→ **The task**
If a record holds a picture, leave the picture out and copy everything else exactly.

→ **Supplied entries**
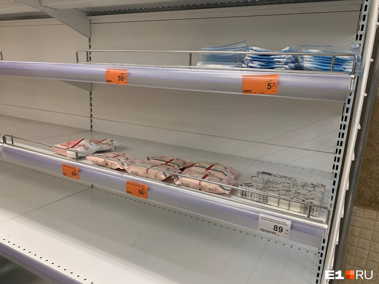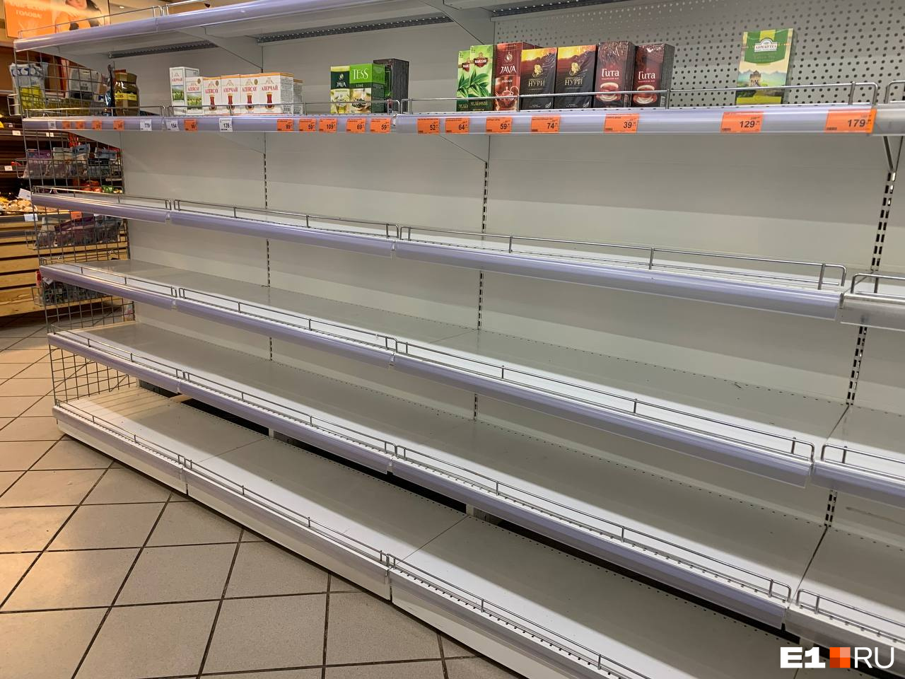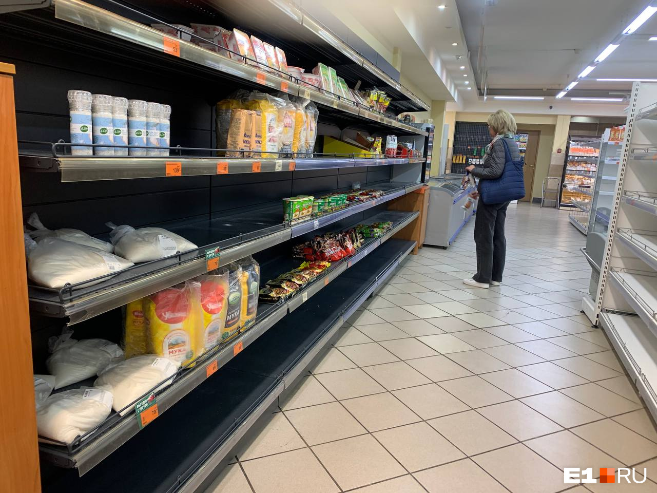 В Екатеринбурге опустели магазины местной сети «Елисей». На полках там остались в основном только продукты собственного производства. Остатки товаров распродают с внушительными скидками. Показываем, как торговые точки выглядят за несколько дней до полного прекращения работы.
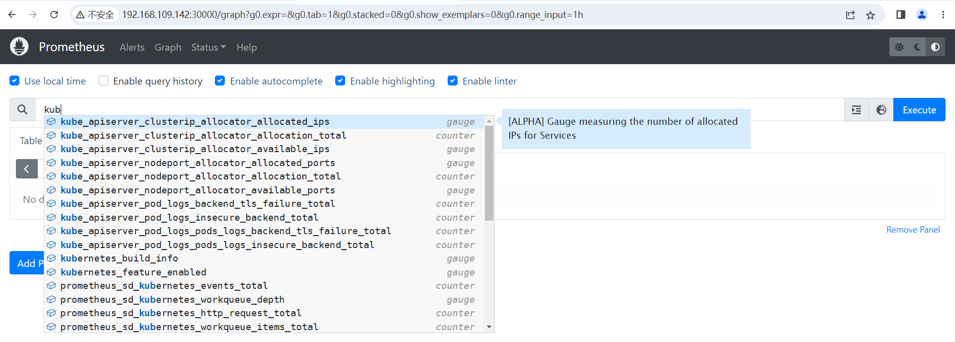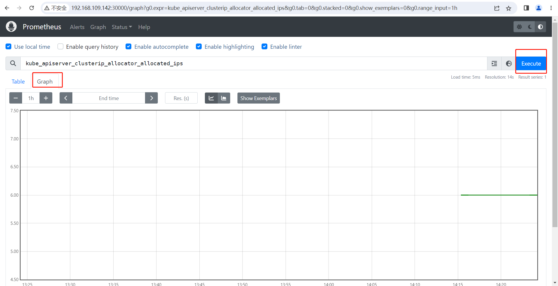 3.点击“Execute”按钮,并切换到“Graph”选项卡,可以看到指标的统计信息,如下图所示:
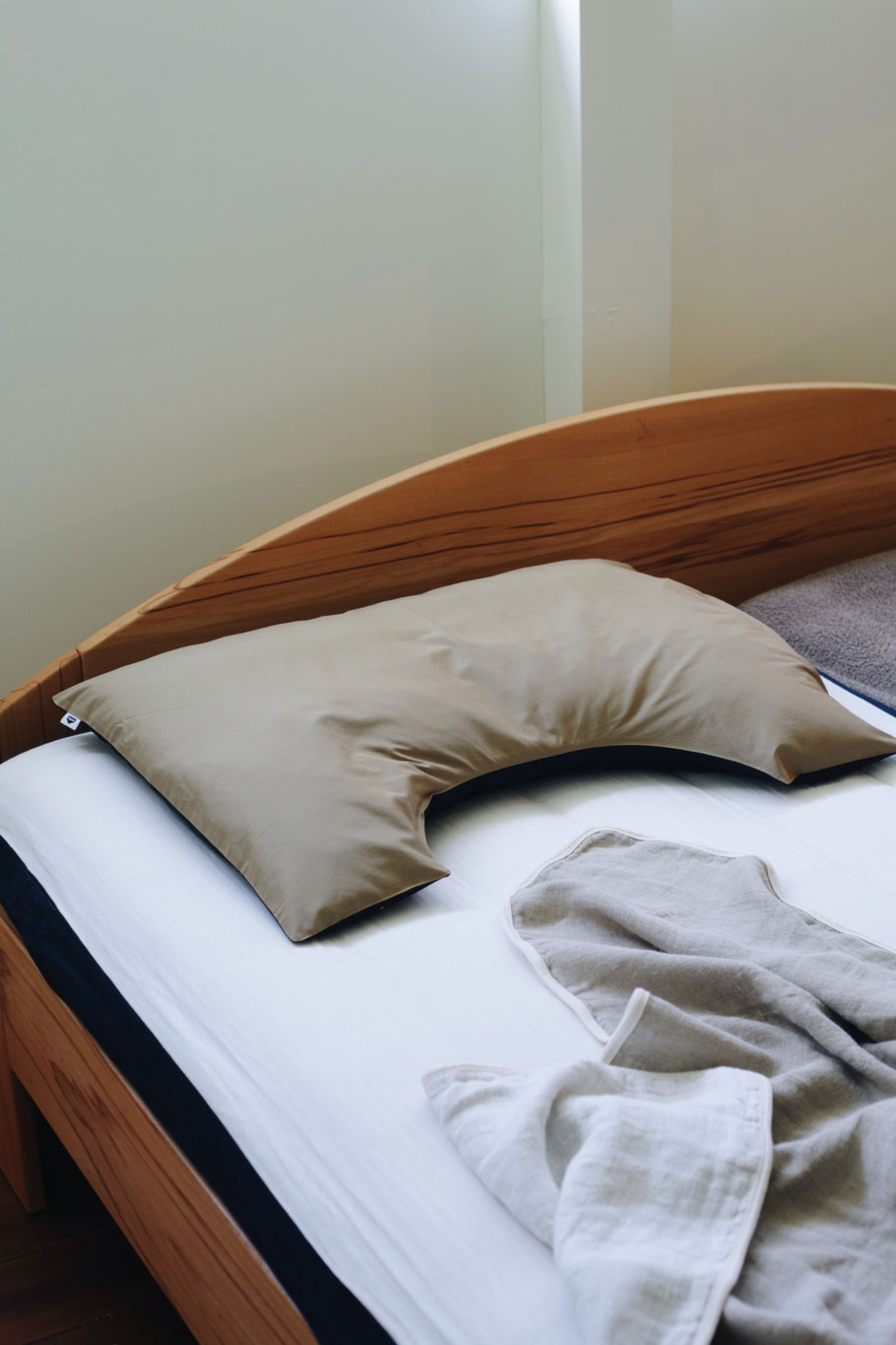 ハンドメイドで作られたU字型枕は、仰向け時肩添いが良く、頭から首まで包み込み心地よい寝心地を実現します。 抱き枕のようにしっかりと抱えながら眠ることで、腕の重さを分解させ、肩や腕にかかる負担を軽減します。 中わたの量を調整することで、自分の身体に合う枕の高さに調節することができます。
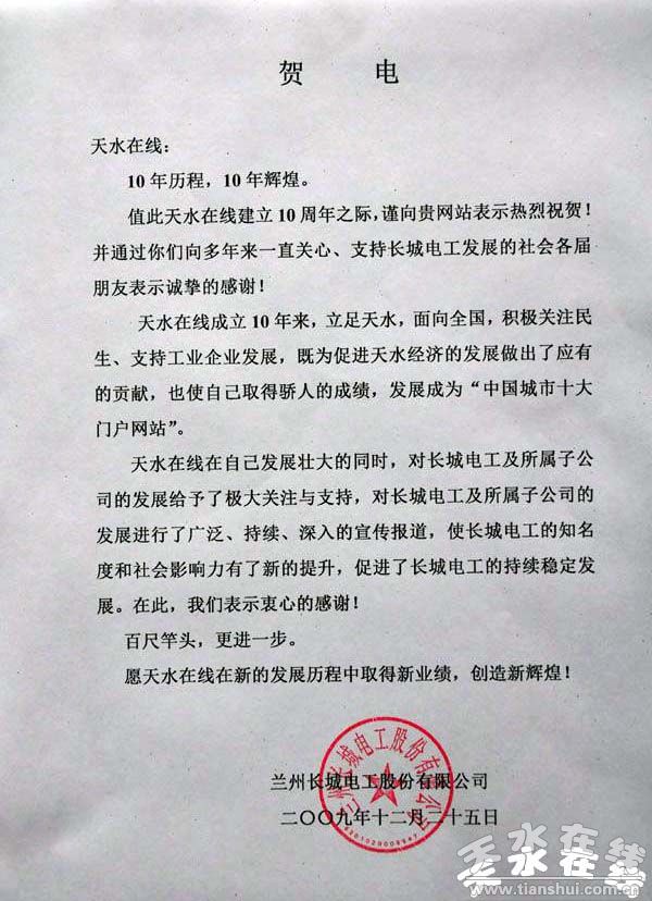 蘭州長城電工致天水在線成立十周年賀電(圖)
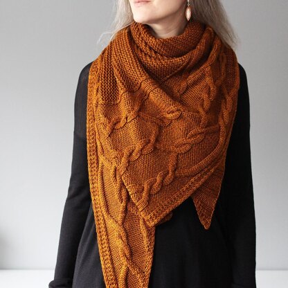 A beautiful motif with intertwining cables, that remind me of the cleverly communicating roots of the trees, creates an eye-catching wide border on this cozy triangular shawl.
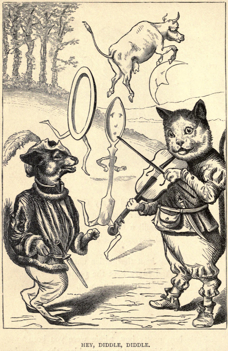 #vintage illustration #cow jumped over the moon #musical animal #1870s #illustration #nursery rhyme #cat and the fiddle

→ **Solved problem**
 В Екатеринбурге опустели магазины местной сети «Елисей». На полках там остались в основном только продукты собственного производства. Остатки товаров распродают с внушительными скидками. Показываем, как торговые точки выглядят за несколько дней до полного прекращения работы.
 3.点击“Execute”按钮,并切换到“Graph”选项卡,可以看到指标的统计信息,如下图所示:
 ハンドメイドで作られたU字型枕は、仰向け時肩添いが良く、頭から首まで包み込み心地よい寝心地を実現します。 抱き枕のようにしっかりと抱えながら眠ることで、腕の重さを分解させ、肩や腕にかかる負担を軽減します。 中わたの量を調整することで、自分の身体に合う枕の高さに調節することができます。
 蘭州長城電工致天水在線成立十周年賀電(圖)
 A beautiful motif with intertwining cables, that remind me of the cleverly communicating roots of the trees, creates an eye-catching wide border on this cozy triangular shawl.
 #vintage illustration #cow jumped over the moon #musical animal #1870s #illustration #nursery rhyme #cat and the fiddle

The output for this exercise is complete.